Monday, May 28, 2007

Opini

Presiden di Republik Wacana
Jurnal Nasional
, Sabtu, 26 Mei 2007

A. Bakir Ihsan

Republik wacana. Mungkin inilah identitas apatis atas simulakra wacana yang bergelayut di langit republik ini. Dari hari ke hari wacana tak pernah kering mengalir. Sayangnya wacana itu berkutat pada satu sisi problematika kebangsaan yang begitu luas, yaitu wacana kekuasaan.

Beberapa waktu lalu, republik ini disuguhi desakan reshuffle kabinet. Indikator menurunnya popularitas SBY yang berada di bawah batas psikologis (50 persen) menjadi alasan kuat untuk me-reshuffle para pembantunya. Beragam masukan dan kriteria dilontarkan, dan tak lupa parpol-parpol menyiapkan kader penggantinya.

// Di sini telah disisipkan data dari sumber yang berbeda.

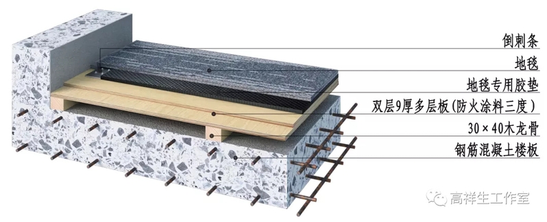 图 12-5-4 木龙骨基层地毯地面构造节点图
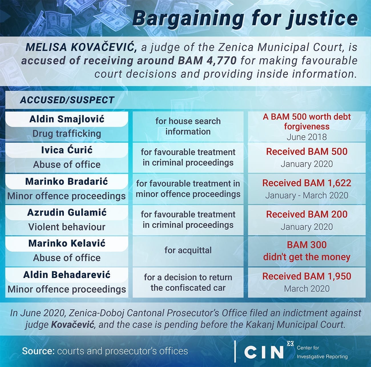 It took only a bribe of few hundreds convertible marks (BAM) to have Melisa Kovačević, a judge of the Zenica Municipal Court, acquit Ivica Ćurić, a former minister in the Zenica-Doboj Canton (ZDK) government. He was on trial for unlawful employment.

Kini reshuffle sudah berlalu. Namun wacana kekuasaan tak juga susut. Kekuasaan tetap menjadi sasaran tembak wacana para elite politik maupun kaum intelek. Kini, para elite di Senayan sedang membangun wacana interpelasi yang harus dihadiri Presiden SBY. Sebuah wacana penuh ambisi hampa substansi. Anggota DPR mempersonifikasi kekuasaan pada sosok SBY. Padahal pemerintah merupakan realitas kolektif. Karenanya sosok (person) menjadi tak signifikan. Namun DPR ngotot agar Presiden hadir dan memberi penjelasan. Semakin jelas, SBY menjadi sasaran tembak wacana politik para politisi.

Delegitimasi Kekuasaan
Wacana tidak sekadar kata-kata yang diucapkan. Di di dalamnya penuh kuasa. Sehingga tidak jarang wacana memprovokasi dan memanipulasi fakta. Tentang pemberantasan korupsi, misalnya. Sudah ratusan orang terjerat dan ditindak berdasarkan hukum karena terlibat korupsi tanpa pandang bulu. Dari eksekutif, legislatif, bahkan penegak hukum (yudikatif) yang terbukti terlibat korupsi ditindak dan dijebloskan ke penjara. Namun fakta tersebut dikonstruksi melalui wacana sebagai tindakan tebang pilih. Wacana ini secara tidak langsung mendelegitimasi pemberantasan korupsi yang dikumandangkan Presiden SBY.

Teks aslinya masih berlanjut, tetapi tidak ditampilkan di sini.